Rural Africa, Meet The Internet
RW: What are some of the challenges you faced implementing technology in third-world countries?
LJ: The challenges are more nuanced than anything. We have a very first-world, or insular view of technology, especially where we are in Silicon Valley. I’ve been to parts of America like Mississippi where it’s as difficult to access high speed Internet as it is in Africa. And I think very few people who are here and whose cell phones work beautifully and who can always go online are aware of the very real challenges of just accessing the basic layers of technology in less wealthy locations.
That said, there’s also a stereotype about Africa—I heard this a lot from our funders—that people in sub-Saharan Africa need to focus on food and water, and tech is the last thing on their minds. Why are we bothering with cell phones when what they really need is rice?
I think that’s ridiculous. Humans everywhere have the same desire to connect and to contribute, and what I’ve seen is that young kids in refugee camps in Kenya are as likely to be proficient and heavy users of Facebook Zero when it was out, or SMS, as their peers in the U.S. The only thing that they don’t have maybe is a lot of data so they can’t send pictures back and forth.
You’d be surprised—there are young people in all kinds of developing markets who are more proficient and tech savvy than people here. There are two sides to that coin. The biggest challenge we see is often infrastructure. The price of getting online has gone down 90% in some regions in the last few years because it’s now fiber and it used to be all satellite.
So there is hope. But you have to realize that, in the case of Sierra Leone, the entire national budget of the country is under half a billion dollars, for six million people. That’s probably less than Facebook’s marketing budget, or Google’s marketing budget.
When you’re trying to run an entire nation of people for less than a Silicon Valley company spends on marketing, that gives you an idea about the real infrastructure challenges. Sierra Leone, like a lot of these countries, is not electrified. So if you want to get a computer running in rural Sierra Leone, you have to have a generator, and if you have a generator, you have to have diesel. And to get diesel to a place like that, you need to airlift it in, because there aren’t even good roads.
There are very real infrastructure challenges in some of these countries, especially when there isn’t tech space to support building that infrastructure. One of the things we need to do in that case is be very realistic about how much money its going to cost like spread the Internet everywhere. The first thing is we need to get electricity everywhere—still over a billion people lack electricity, right? So how are we going to get Internet to everyone when they don’t have power to read? I think that those things need to be thought through and I think a lot of that is going to require more capital than we’re willing to put up for those initiatives.

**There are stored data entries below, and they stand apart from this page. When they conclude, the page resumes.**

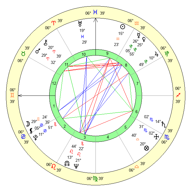 | Saturn | 14 Scorpio 35 | 17 Pisces 46 | 10 Scorpio 35 |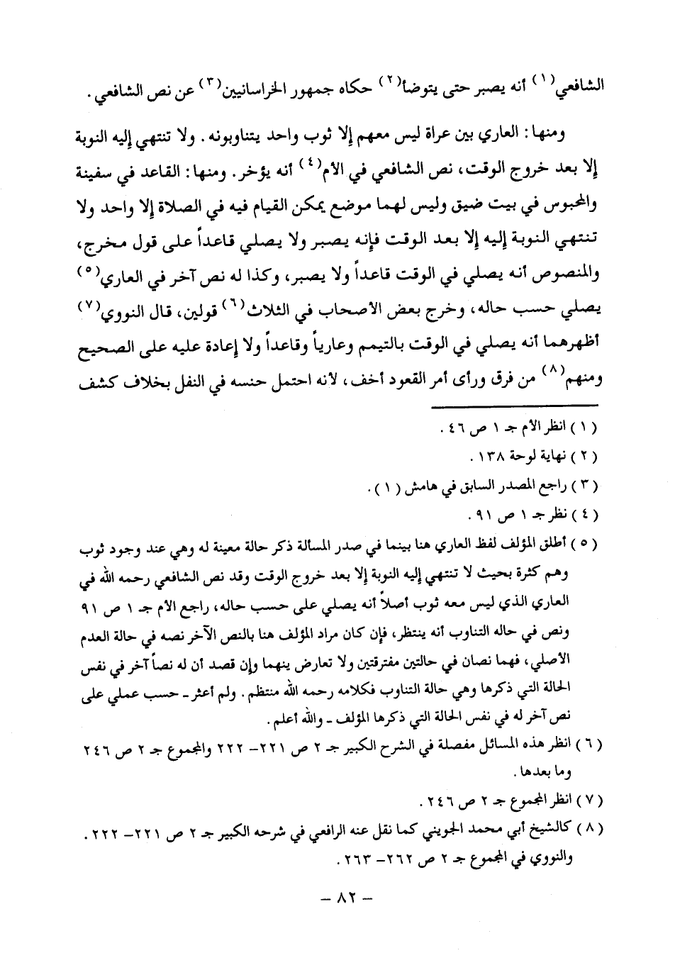 (¬8) كالشيخ أبي محمد الجويني كما نقل عنه الرافعي في شرحه الكبير جـ 2 ص 221 - 222. والنووي في المجموع جـ 2 ص 262 - 263.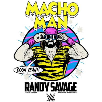 Show your love for all things wrestling with exciting new apparel for the whole family celebrating your favorite entertainers from the past and present from WWE! This Men’s WWE Macho Man Randy Savage Oooh Yeah Retro Graphic T-Shirt features a colorful graphic of Randy Savage grabbing his glasses and a bubble text that reads: “Oh Yeah.” Grab some WWE gear today and show up to your next live event in style!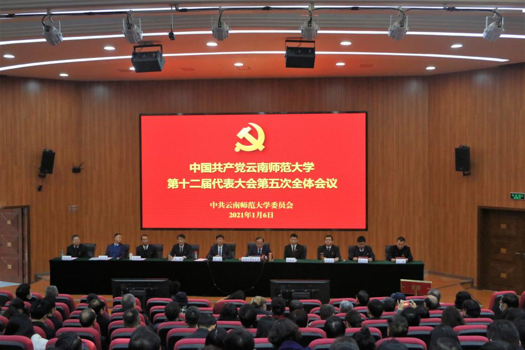 1月6日上午,中国共产党yL23411永利官网登录第十二届代表大会第五次全体会议在呈贡主校区汇学2栋101报告厅召开。中共yL23411永利官网登录第十二次代表大会代表;其他中共党员省管干部;不是正式代表的各学院、各部门、直属单位、附属中小学校、独立学院中共党员主要负责人(含主持工作的副职);非中共党员省管干部;人大代表、政协委员,各民主党派基层组织负责人和无党派知识分子代表;各学院、各部门、直属单位、附属中小学校、独立学院非中共党员主要负责人等160余人出席会议。会议由校党委副书记、校长蒋永文同志主持。

What Big Companies Get Out Of Samasource
RW: Does would a tech company like Google or Microsoft use Samasource? Does each company have its own API?

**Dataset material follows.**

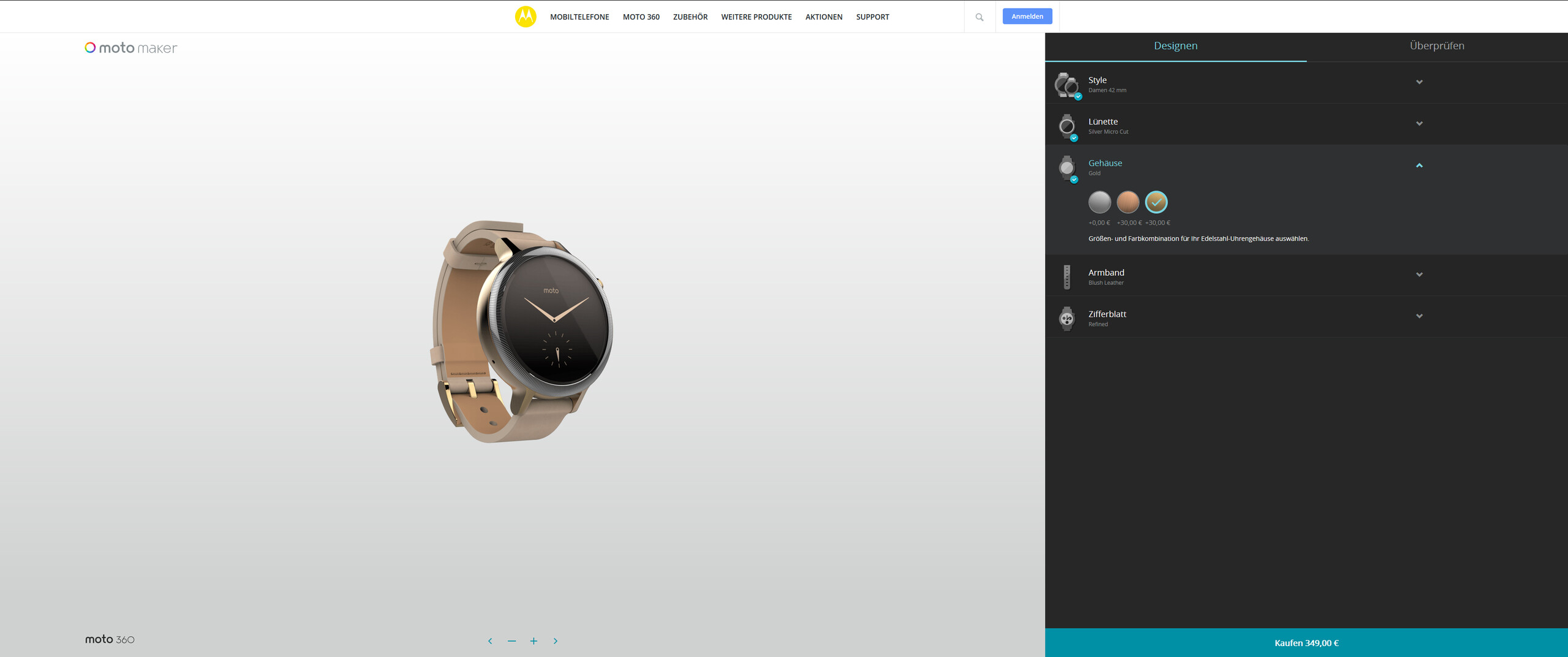 Der Konfigurator ist sehr schlicht und übersichtlich gehalten und lässt sich selbst in der mobilen Variante sehr gut mit den Fingern bedienen. Beim Anpassen der Smartwatch an den eigenen Geschmack wird der Käufer Schritt für Schritt durch den Prozess geführt.

LJ: We have an API, and each company typically has their own way of integrating with our data, and there’s an engineering point of contact who is working with our engineering team, who is looking to plug their system into ours.
What Google and Microsoft do, and I can’t really tell you many specifics, but I can say in the general area of machine learning, we’re seeing a lot of demand for our services. Machine learning is one category where the quality of the data that you get is really important, and typically the machine learning teams are using images from videos to train machines to recognize certain things in videos.

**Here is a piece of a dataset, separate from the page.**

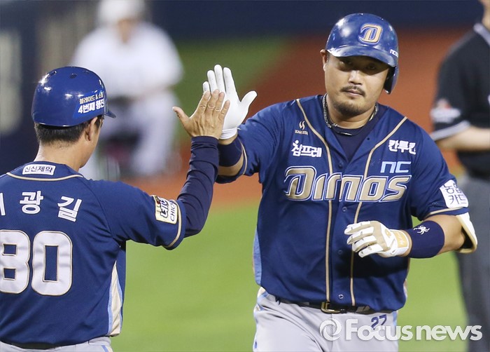 | △ 하이파이브하는 NC 이호준 |

One example is with car manufacturers. They’re putting video cameras and sensors in the bumpers of next generation cars. One of the things we want to train cars to do is recognize a pedestrian in front of the car so that it stops, and there are fewer auto fatalities.
That process of teaching a sensor or a camera how to recognize a human involves a lot of manual data processing. You basically have to feed the algorithm tens of thousands of images of people in different cases. When it’s dark, when it’s light, at this time, what their foot and hand [look like]. To be able to help a machine grasp what is a person. And that process involves Samasource workers tagging lots of images from those sensors, and providing the company with that data.
It also means identifying parts of a body, certain part of the body in the image that is being captured by the camera. And that is really difficult to do on a platform like Mechanical Turk, because if you even get 10% of the data wrong, then your entire algorithm can fail. And when its something as important as a car that is going prevent auto fatalities, it’s important to get the data right.
Companies like Google and Microsoft that are building the technology that allows for intelligent systems are very concerned with these tags about locations. That’s where we see a lot of growth.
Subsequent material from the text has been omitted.